Md. Same-Sex Marriage Bill Likely Dead Until Next Year

Bill sent back to committee

Maryland's same-sex marriage bill, which many believed would have an easier time passing the House of Delegates than the State Senate, was sent back to committee Friday.

Sen. Jamie Raskin said the bill is likely dead until next year, The Gazette tweeted.

Several amendments were defeated on the House floor Friday, including one expanding religious exemptions and another to once again try to change the bill from marriage legislation to civil union legislation.

Supporters of same-sex marriage argued that it is a matter of civil rights.

"Deborah and I were married five years ago on the western shore of the Chesapeake Bay with more than 100 of our closest friends and family," said Delegate Heather Mizeur, D-Montgomery County. "We pledged our vow of eternal love and commitment to each other before God. That's what marriage is."

Opponents argued that the religious community and many voters oppose extending marriage to include gay couples.

"This bill has social implications," said Delegate Jay Walker, D-Prince George's County. "People may decide to pull their children out of public school so they don't have to learn sex education."

The Civil Marriage Protection Act never went to a vote on the House floor. Supporters weren't sure they had enough votes to pass it.

After more than two hours of emotional debate, Delegate Joseph Vallario, D-Calvert and Prince George's, moved to refer the bill back to the House Judiciary Committee.

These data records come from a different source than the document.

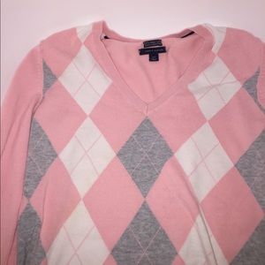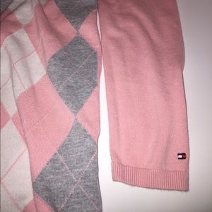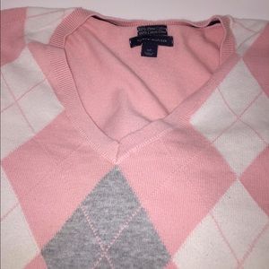This is a pink, white, and gray sweater that conforms to the body for a very put together and chic look. It is in perfect condition and has barely been worn.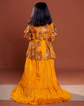 Girls Ethnic Printed Peplum Top & Pleated Skirt Set with Ruffled Sleeves Kids Choli - Yellow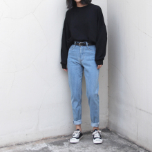 2016秋冬新款 街头复古风高腰宽松BF风无弹哈伦工装牛仔长裤 女

It passed by voice vote.

Derek McCoy, president of the Maryland Family Council, called it a victory for those who favor traditional marriage between one man and one woman.

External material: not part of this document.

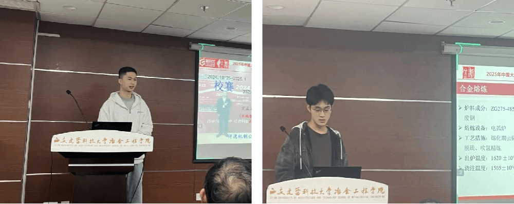 10月29日在草堂校区学府城9-104教室和雁塔校区工科楼1111报告厅顺利举办“学长领航”经验分享主题会议,会议邀请了2024中国大学生铸造工艺设计赛一等奖获得者,金属2101沈振生、金属2101李相时作经验分享交流。

The Civil Marriage Protection Act never went to a vote on the House floor. Supporters weren't sure they had the 71 votes needed to pass it.

The Civil Marriage Protection Act could be brought back this session, but more than likely same-sex couples will have to wait to try again next year. Supporters Delegate Anne Kaiser, D-Montgomery County, and Morgan Meneses-Sheets, executive director of Equality Maryland, said they don't expect another vote on the bill this year, the Associated Press reported. House Speaker Michael Busch said the issue will not be taken up again this year.

Before the debate, Equality Maryland rallied supporters of same-sex marriage. On the next corner, groups fighting to maintain traditional marriage held their own rallies.

Afterward, Equality Maryland and same-sex marriage supporters vowed to continue the fight.

Last week, the House Judiciary Committee passed the bill 12-10 after several amendments were defeated. Sending the bill back to the committee allows the legislation to continue next year.

The act would give same-sex couples in Maryland the same marriage rights as heterosexuals.

Gov. Martin O'Malley said earlier Friday that he hoped to sign the bill into law. Opponents had said they would try to get the bill to go to referendum next Election Day.

"It is my firm belief that equality under the law means equality for everyone, and our laws should reflect that fundamental principle," O'Malley said after the bill was sent down. "Together, we’ve worked hard to protect and expand these rights for lesbian, gay, bisexual and transgendered citizens in our state.  It was my hope to sign a marriage equality act consistent with these progressive reforms, while protecting religious freedom in our state."

Maryland would be the sixth state to legalize gay marriage.